*AIM OF THE TASK*.
The part below that opens with the line containing "12号教学楼204报告厅座无" and closes with the line containing "7月21日,在湖南省沅江市共" should be copied exactly, minus any pictures.

*PROVIDED MATERIAL*.

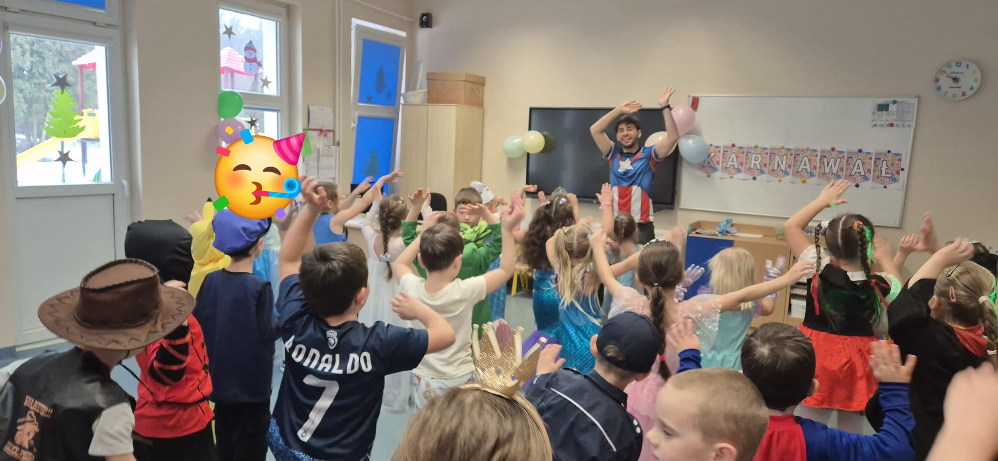 28 stycznia w naszym przedszkolu odbył się bal karnawałowy. Wszystkie dzieci w tym dniu przebrały się za różne postacie z bajek. Bal poprowadził pan Bogdan Myśliwiec. Dzieci tańczyły do swoich ulubionych utworów, nie zabrakło zabaw i tańców integracyjnych. Po balu na każdą z grup czekał słodki poczęstunek.
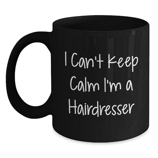 Funny Hairdresser Gifts, I Can't Keep Calm I'm A Hairdresser, Black Coffee Mug for Graduation, Gifts from Friends to Hairdresser, 11oz or 15oz
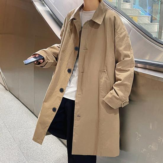 Herren Windbreaker Mantel Revers Langarm Knopfleiste Trenchcoat mit Taschen
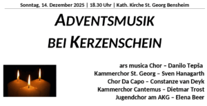 Bitte beachten Sie, dass es keine Abendkasse gibt, da die Veranstaltung ausverkauft ist. Eine Rücknahme von Karten ist nicht möglich. ——————————————————————————————– Sonntag, 3. Advent, 14.12.2025,
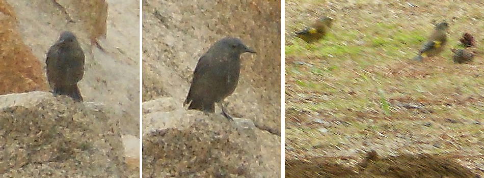 里海公園近くに居た野鳥、イソヒヨドリとカワラヒワのような。ボケてて良くわからん。
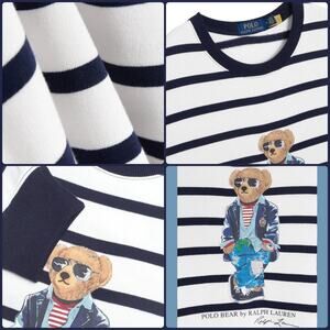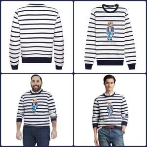 POLO RALPH LAUREN Men’s Navy Blue/White Polo Bear Striped Fleece Sweatshirt
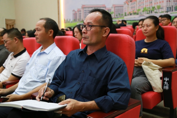 12号教学楼204报告厅座无虚席。学校校长韩峻峰,党委副书记陈锦山、陈湘如,副校长曾彦、唐高华,纪委书记覃宇环,总会计师梁智,党委常委陆衡、马秀明、任才茂在前排就座。
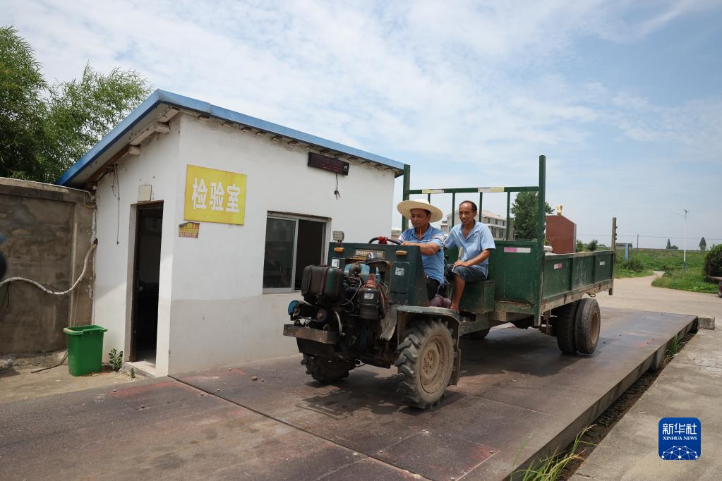 7月21日,在湖南省沅江市共华镇福安村,粮食经纪人吴锋高(左)、江新华将收购的稻谷运到米业公司称重。在这里,稻谷经过称重、质量检测后将会入库储存或加工,之后交给国库或进入市场。
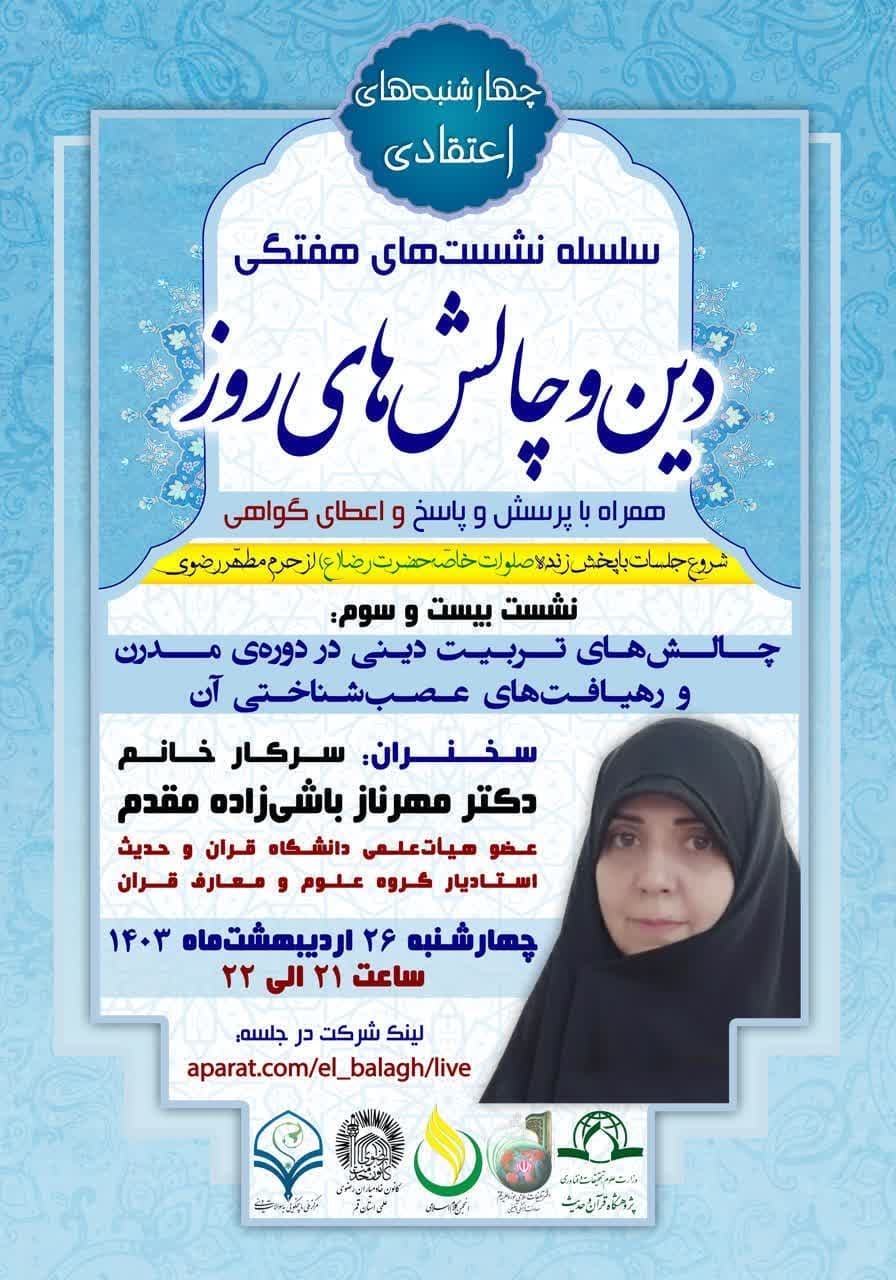 به گزارش روابط عمومی پژوهشگاه قرآن و حدیث، نشست علمی"چالش‌های تربیت دینی در دوره مدرن و رهیافت‌های عصب‌شناختی آن" از بیست و سومین نشست از سلسله جلسات و نشست های "دین و چالش های روز"  ویژه "چهارشنبه های اعتقادی"از سوی پژوهشگاه قرآن و حدیث، انجمن کلام اسلامی حوزه، کمیته مرکزی کرسی های آزاداندیشی حوزه های علمیه و مرکز آموزش های کاربردی دفتر تبلیغات اسلامی قم با ارائه و سخنرانی  سرکار خانم دکتر مهرناز باشی‌زاده مقدم، عضو هیأت علمی  دانشگاه قرآن و حدیث، استادیار گروه علوم و معارف قرآن، پژوهشگر حوزه‌ علوم شناختی دین در روز چهارشنبه ۲۶ اردیبهشت ماه ۱۴۰۳  از ساعت ۲۱ تا ۲۲ به صورت وبیناری برگزار می شود.
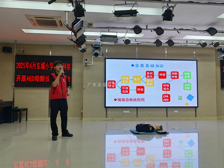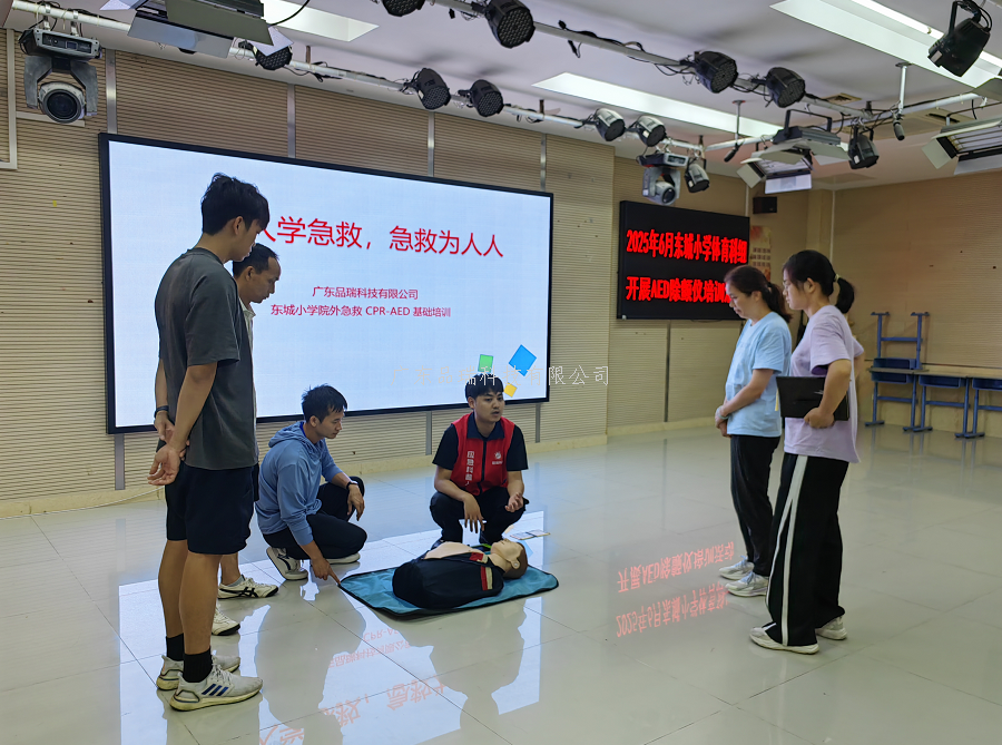 这场校园急救技能培训,举办时间:2025年6月10日;举办地点:东莞东城小学;参训学员:学校体育科组。这是一场具有针对性很强的急救学习培训活动。 这段时间,关于校园体育课间出现的意外伤害偶有发生。尤其是突发心脏骤停事件,引发严重后果,还可能会让人失去宝贵的生命。因此,学校除了举办常规急救知识学习,组织体育老师举行二次学习和技能训练是一件既重要又是针对性很强的事情。 体育老师通过急救知识学习和技能训练,加强应急救护能力!关键时刻成为第一响应人。快速有效地对现场人员进行紧急救护!这至关重要!

*EXERCISE RESULT*.
 12号教学楼204报告厅座无虚席。学校校长韩峻峰,党委副书记陈锦山、陈湘如,副校长曾彦、唐高华,纪委书记覃宇环,总会计师梁智,党委常委陆衡、马秀明、任才茂在前排就座。
 7月21日,在湖南省沅江市共华镇福安村,粮食经纪人吴锋高(左)、江新华将收购的稻谷运到米业公司称重。在这里,稻谷经过称重、质量检测后将会入库储存或加工,之后交给国库或进入市场。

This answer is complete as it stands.